- Directions: Type out the data exactly as given. Skip any image.

=======

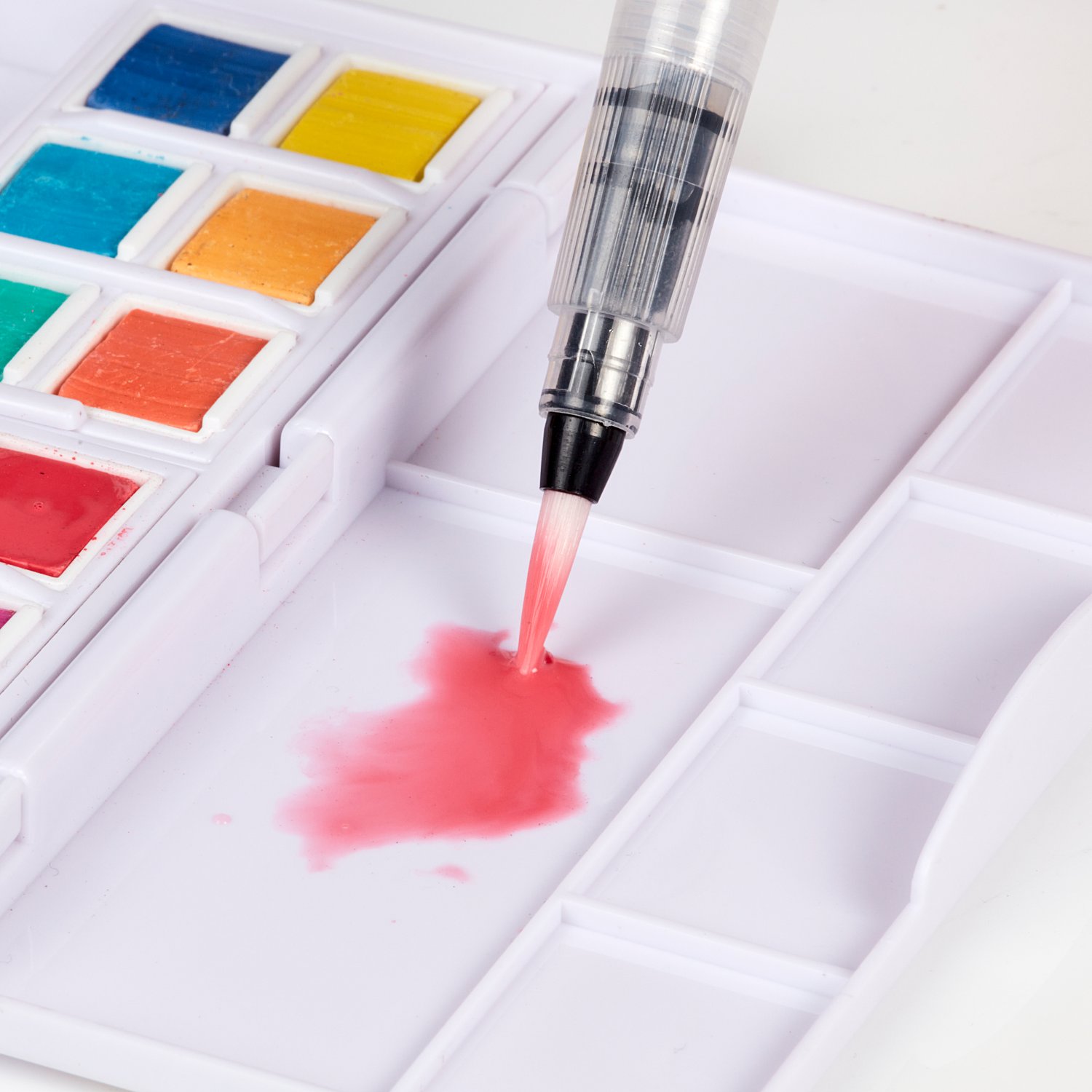 Zestaw zawiera 12 półkostek oraz mini pędzel wodny, zamknięte w kompaktowej kasetce z paletką do mieszania kolorów – idealnej do malowania w plenerze i w podróży.
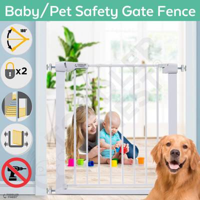 -Customizable Width + Extra Large & Wide: Toddlerfinest safety gate adjusts to fit standard size doorways and openings between 75 cm (29.5) - 82 cm (32) wide and is 76 cm (30) high. Wide passage width of 60 cm (23.5) for convenient walk through; optimized 5.7cm (2.2) tight bars gap to prevent kids and pets from squeezing through. Add-on purchase for extensions (7, 14, 21, 28, 42, 56, 77 cm). Refer to our standard chart size for proper measurement before purchase.
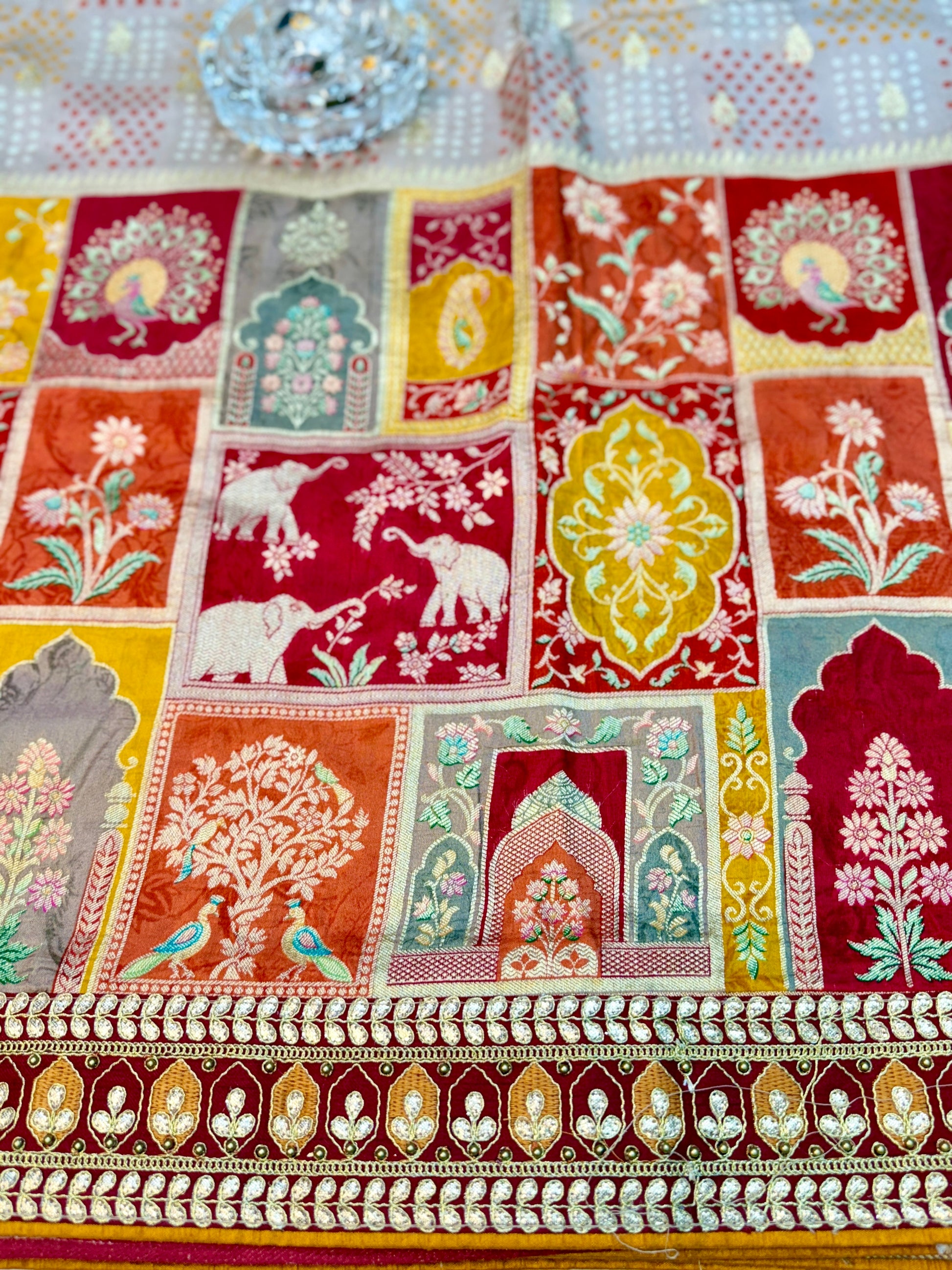 Design: Traditional weaving paired with a richly embellished blouse
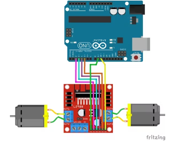 現(xiàn)在,將您的L298n引腳與Arduino Uno引腳連接
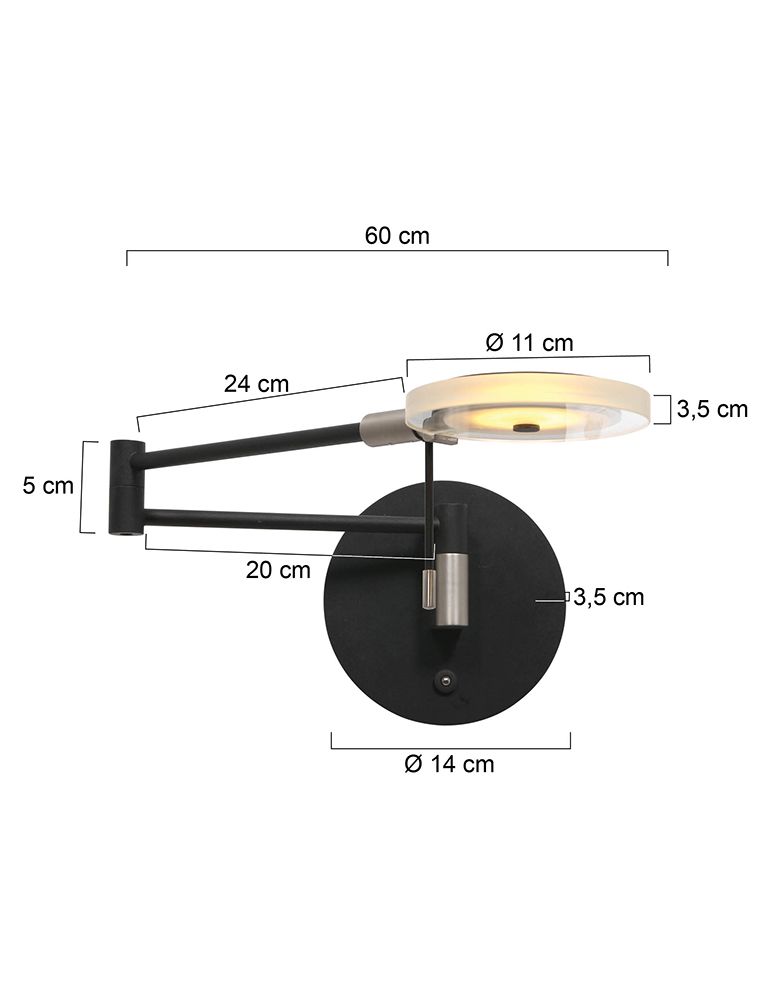 Si seulement vous aviez regardé chez nous tout de suite, vous n’auriez pas eu à chercher si longtemps une lampe de lecture agréable. “Turound”, conçu par Steinhauer, est une lampe murale LED réglable. La lampe est un beau jeu de métal argenté et noir. Le bras est composé de deux longueurs presque égales et l’abat-jour est une lampe LED en forme de disque. Votre expérience de lecture n’a jamais été aussi agréable.
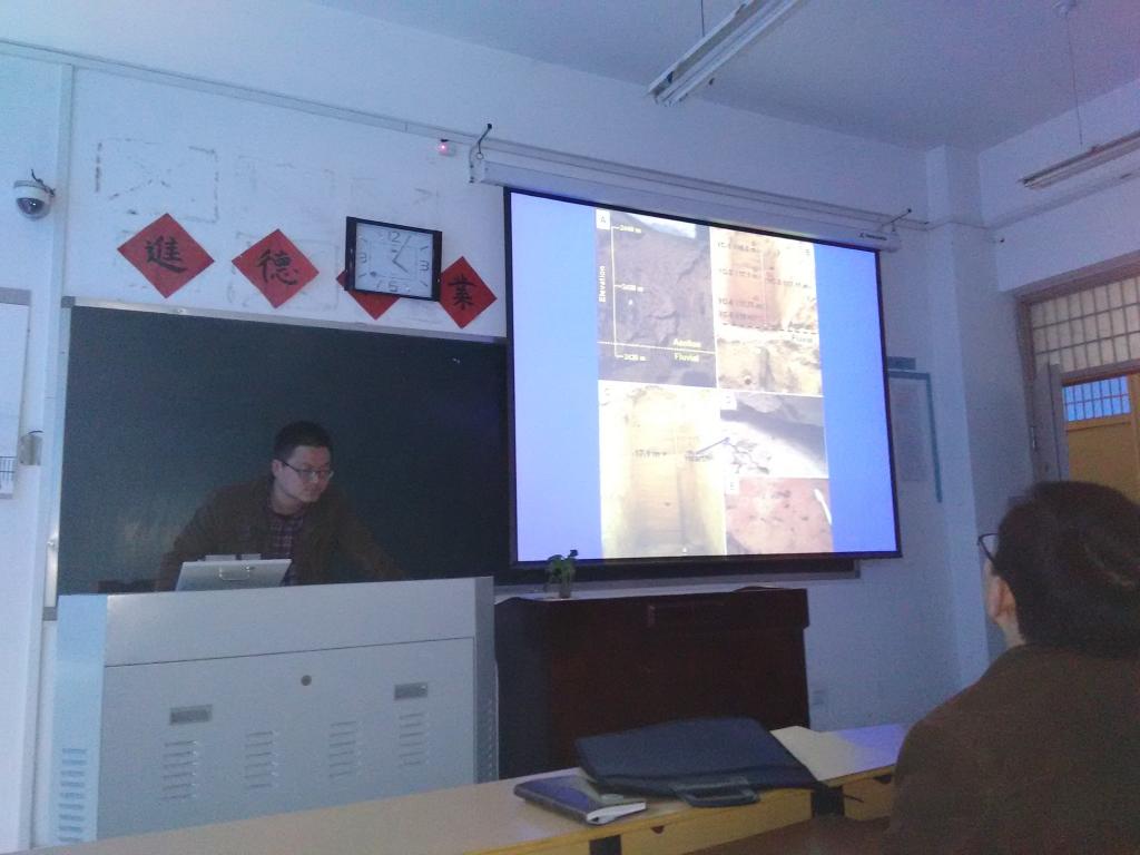 此次交流会由于正松、张志高两位博士分别汇报了自己的学术思想和体会。于正松博士汇报题目为《读博的收获与体会》,与大家分享了自己在西北大学读博期间的经历与体会,还就自己参与的综、横向项目成果进行了展示交流,总结了博士研读对科研能力,学术思维的提升作用;张志高博士汇报题目为《昆仑山北坡羊场剖面黄土粒度特征及古环境意义》。就自己在黄土研究领域中遇到的问题与研究心得同大家作了交流,并和大家讨论了如何立足本校,发挥地域优势选好研究方向等议题。学术会上,两位位博士与各位老师通过互动式交流讨论了各自的学术研究内容。
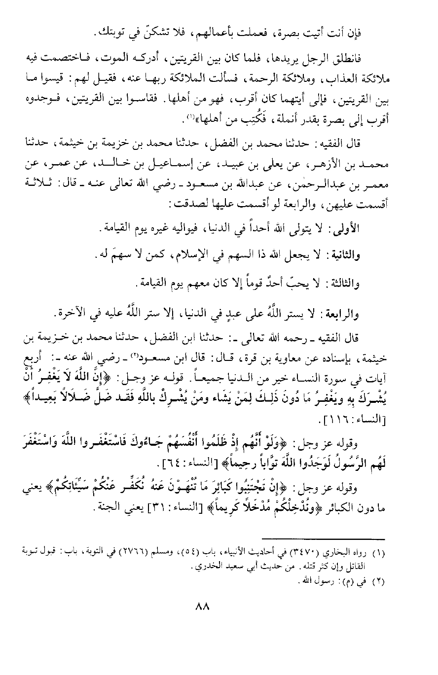 حَدَّثَنَا ابْنُ الْفَضْلِ، حَدَّثَنَا مُحَمَّدُ بْنُ خُزَيْمَةَ بِإِسْنَادِهِ، عَنْ مُعَاوِيَةَ بْنِ قُرَّةَ , قَالَ: قَالَ ابْنُ مَسْعُودٍ رَضِيَ اللَّهُ عَنْهُ: " أَرْبَعُ آيَاتٍ فِي سُورَةِ النِّسَاءِ.

=======

- Exercise solution:
 Zestaw zawiera 12 półkostek oraz mini pędzel wodny, zamknięte w kompaktowej kasetce z paletką do mieszania kolorów – idealnej do malowania w plenerze i w podróży.
 -Customizable Width + Extra Large & Wide: Toddlerfinest safety gate adjusts to fit standard size doorways and openings between 75 cm (29.5) - 82 cm (32) wide and is 76 cm (30) high. Wide passage width of 60 cm (23.5) for convenient walk through; optimized 5.7cm (2.2) tight bars gap to prevent kids and pets from squeezing through. Add-on purchase for extensions (7, 14, 21, 28, 42, 56, 77 cm). Refer to our standard chart size for proper measurement before purchase.
 Design: Traditional weaving paired with a richly embellished blouse
 現(xiàn)在,將您的L298n引腳與Arduino Uno引腳連接
 Si seulement vous aviez regardé chez nous tout de suite, vous n’auriez pas eu à chercher si longtemps une lampe de lecture agréable. “Turound”, conçu par Steinhauer, est une lampe murale LED réglable. La lampe est un beau jeu de métal argenté et noir. Le bras est composé de deux longueurs presque égales et l’abat-jour est une lampe LED en forme de disque. Votre expérience de lecture n’a jamais été aussi agréable.
 此次交流会由于正松、张志高两位博士分别汇报了自己的学术思想和体会。于正松博士汇报题目为《读博的收获与体会》,与大家分享了自己在西北大学读博期间的经历与体会,还就自己参与的综、横向项目成果进行了展示交流,总结了博士研读对科研能力,学术思维的提升作用;张志高博士汇报题目为《昆仑山北坡羊场剖面黄土粒度特征及古环境意义》。就自己在黄土研究领域中遇到的问题与研究心得同大家作了交流,并和大家讨论了如何立足本校,发挥地域优势选好研究方向等议题。学术会上,两位位博士与各位老师通过互动式交流讨论了各自的学术研究内容。
 حَدَّثَنَا ابْنُ الْفَضْلِ، حَدَّثَنَا مُحَمَّدُ بْنُ خُزَيْمَةَ بِإِسْنَادِهِ، عَنْ مُعَاوِيَةَ بْنِ قُرَّةَ , قَالَ: قَالَ ابْنُ مَسْعُودٍ رَضِيَ اللَّهُ عَنْهُ: " أَرْبَعُ آيَاتٍ فِي سُورَةِ النِّسَاءِ.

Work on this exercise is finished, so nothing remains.